Infants had initially received targeted pulmonary vasodilator therapy including inhaled nitric oxide, sildenafil, or bosentan for their PH. Treatment varied based on the etiology and severity of the PH and the extent of PVS contributing to the PH. If PVS was considered as a significant contributor to the PH, pulmonary vasodilators were weaned off as they could increase pulmonary edema and worsen the clinical status.
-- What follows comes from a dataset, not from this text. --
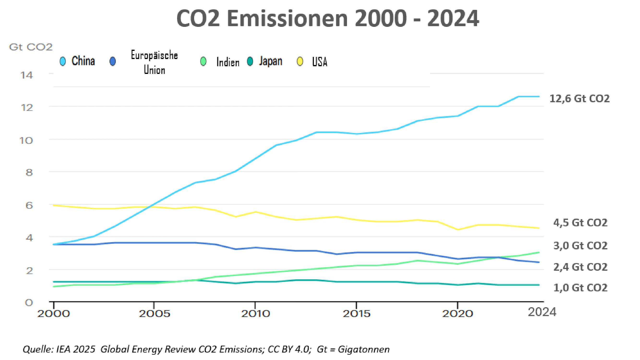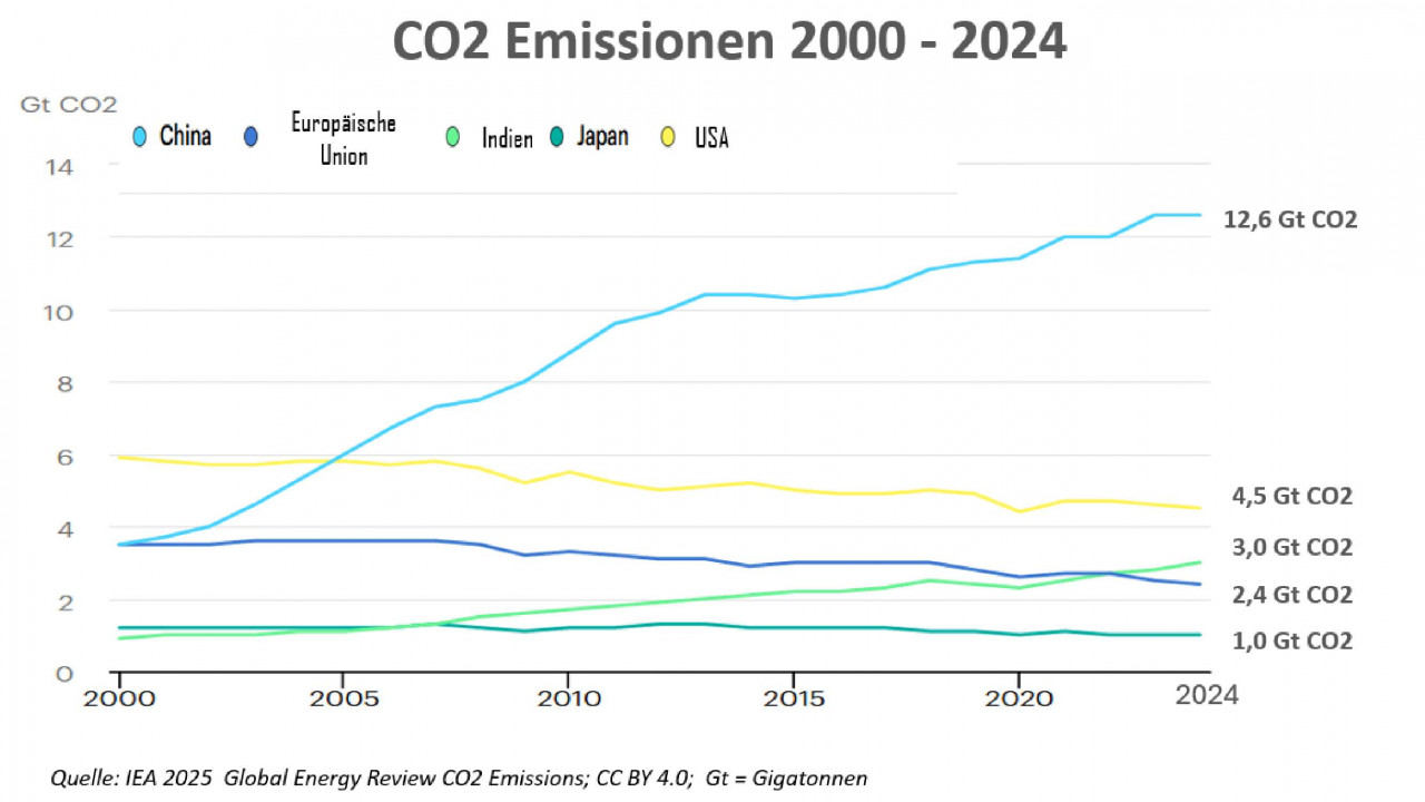 China, der weltweit größte Treibhausgasemittent, verzeichnet seit 2024 eine Stabilisierung der Emissionen, maßgeblich verursacht durch den Ausbau erneuerbarer Energien. 2/

Three patients with NEC underwent surgery for NEC and the others were treated medically. Five patients in the entire cohort underwent surgical repair of the PVS. Two were in the NEC group, one of whom showed improvement and one who died from progression of the disease. Three were in the non-NEC group, with two showing improvement and one was lost to follow-up. In the NEC group as a whole, one patient showed improvement in their PVS after surgical repair, four had improvement in gradient or were unchanged over a mean follow-up of 6.5 months, three died from progression of the PVS with uncontrolled PH, and one infant died from septic shock. In the non-NEC Group, two patients improved after surgical repair, two patients improved spontaneously with a mean follow-up of 26 months, two were unchanged over a mean period of 32 months, two died from progression of their PVS and refractory PH, and two patients died from septic shock. Improvement was determined by follow-up echocardiograms that showed decreasing gradients across the pulmonary veins. Since medical treatment modalities were not available at the time the data were collected, none of the patients received advanced medical therapies currently available.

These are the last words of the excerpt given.